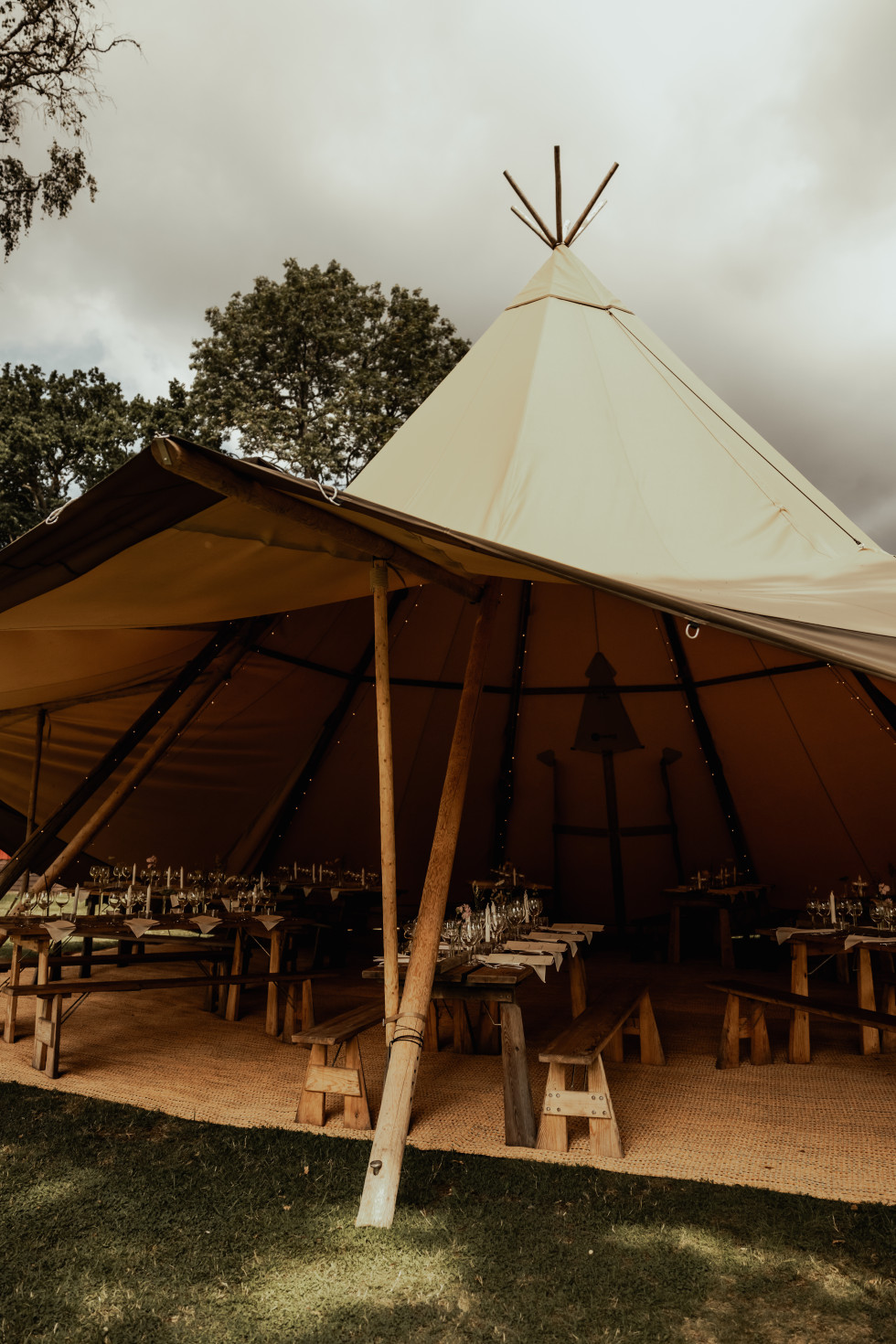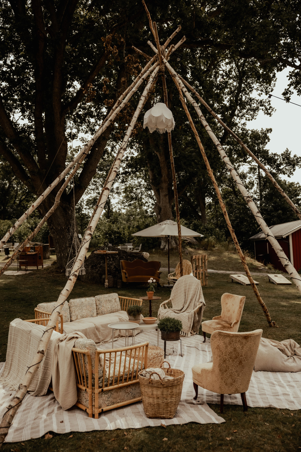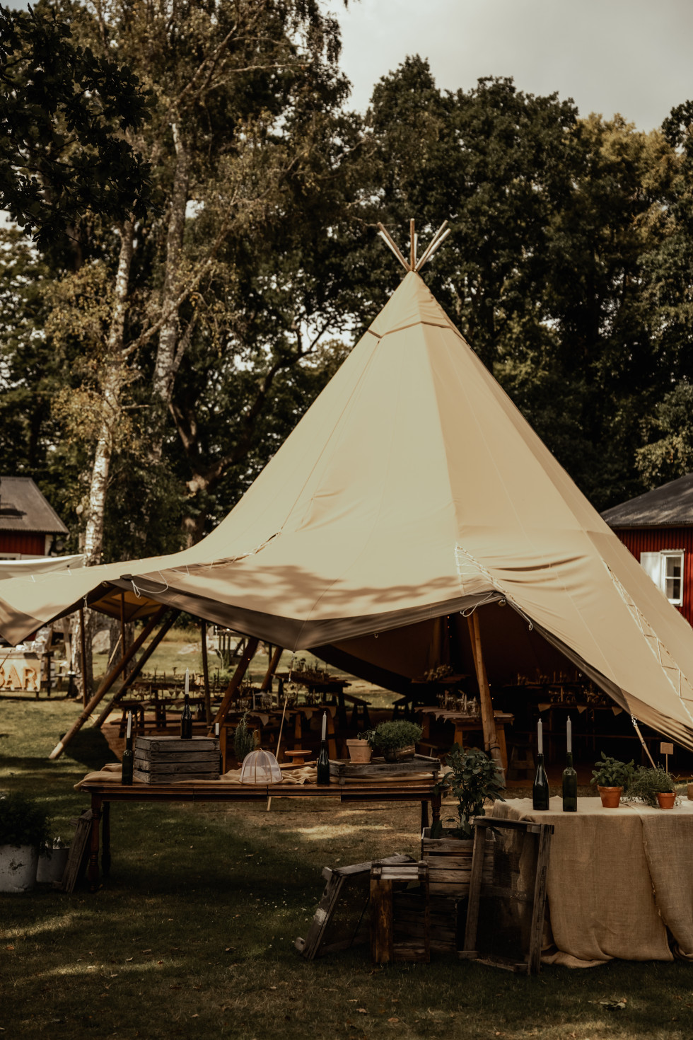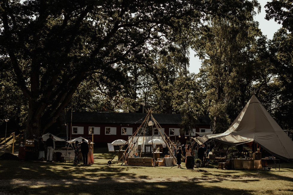 Festen var dock inte lika självklar var den skulle hållas, eftersom lokalens kapacitet var max 60 personer och vi hade bjudit cirka 80 gäster. Vi letade efter utomhusalternativ och fastnade för ett Tentipi-tält, som rymmer mellan 72 och 130 personer beroende på hur det sätts upp. Vi byggde även en ”naken-tentipi” – ett tält utan tyg – som blev en härlig lounge med rottingmöbler och en gammal lampskärm med fransar. Detta skapade precis den bohemiska och mysiga känsla vi ville ha.
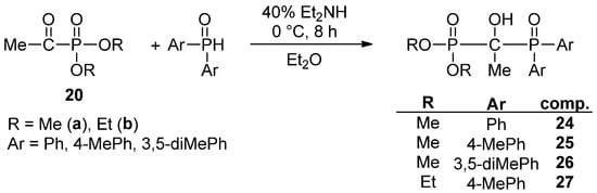 We also investigated the Pudovik reaction of dimethyl and diethyl α-oxoethylphosphonates (20a and 20b) with secondary phosphine oxides, such as diphenylphosphine oxide, bis(4-methylphenyl)phosphine oxide and bis(3,5-dimethylphenyl)phosphine oxide. In these cases, the reactions were carried out at 0 °C for 8 h using 40% of diethylamine as the catalyst (Scheme 11). Products 2427 crystallized out from the mixture, and they were purified by recrystallization to give asymmetric phosphonate–phosphine oxide derivatives (2427) in yields of 62–78% [14].
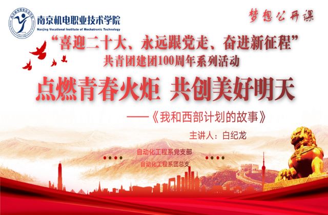“喜迎二十大、永远跟党走、奋进新征程”,为迎接党的二十大胜利召开和庆祝中国共青团建团100周年,鼓励同学们积极响应国家的号召,亚搏在线自动化工程系党支部联合团总支于4月15日下午在腾讯会议上举行了党日活动暨梦想公开课——我与西部计划的故事,主讲人白纪龙用自身的经历为大家分享了自己与西部计划的故事。

### What you are asked to do
Before copying the material, set its pictures aside; then transcribe it word for word.

### Solved problem
 Festen var dock inte lika självklar var den skulle hållas, eftersom lokalens kapacitet var max 60 personer och vi hade bjudit cirka 80 gäster. Vi letade efter utomhusalternativ och fastnade för ett Tentipi-tält, som rymmer mellan 72 och 130 personer beroende på hur det sätts upp. Vi byggde även en ”naken-tentipi” – ett tält utan tyg – som blev en härlig lounge med rottingmöbler och en gammal lampskärm med fransar. Detta skapade precis den bohemiska och mysiga känsla vi ville ha.
 We also investigated the Pudovik reaction of dimethyl and diethyl α-oxoethylphosphonates (20a and 20b) with secondary phosphine oxides, such as diphenylphosphine oxide, bis(4-methylphenyl)phosphine oxide and bis(3,5-dimethylphenyl)phosphine oxide. In these cases, the reactions were carried out at 0 °C for 8 h using 40% of diethylamine as the catalyst (Scheme 11). Products 2427 crystallized out from the mixture, and they were purified by recrystallization to give asymmetric phosphonate–phosphine oxide derivatives (2427) in yields of 62–78% [14].
“喜迎二十大、永远跟党走、奋进新征程”,为迎接党的二十大胜利召开和庆祝中国共青团建团100周年,鼓励同学们积极响应国家的号召,亚搏在线自动化工程系党支部联合团总支于4月15日下午在腾讯会议上举行了党日活动暨梦想公开课——我与西部计划的故事,主讲人白纪龙用自身的经历为大家分享了自己与西部计划的故事。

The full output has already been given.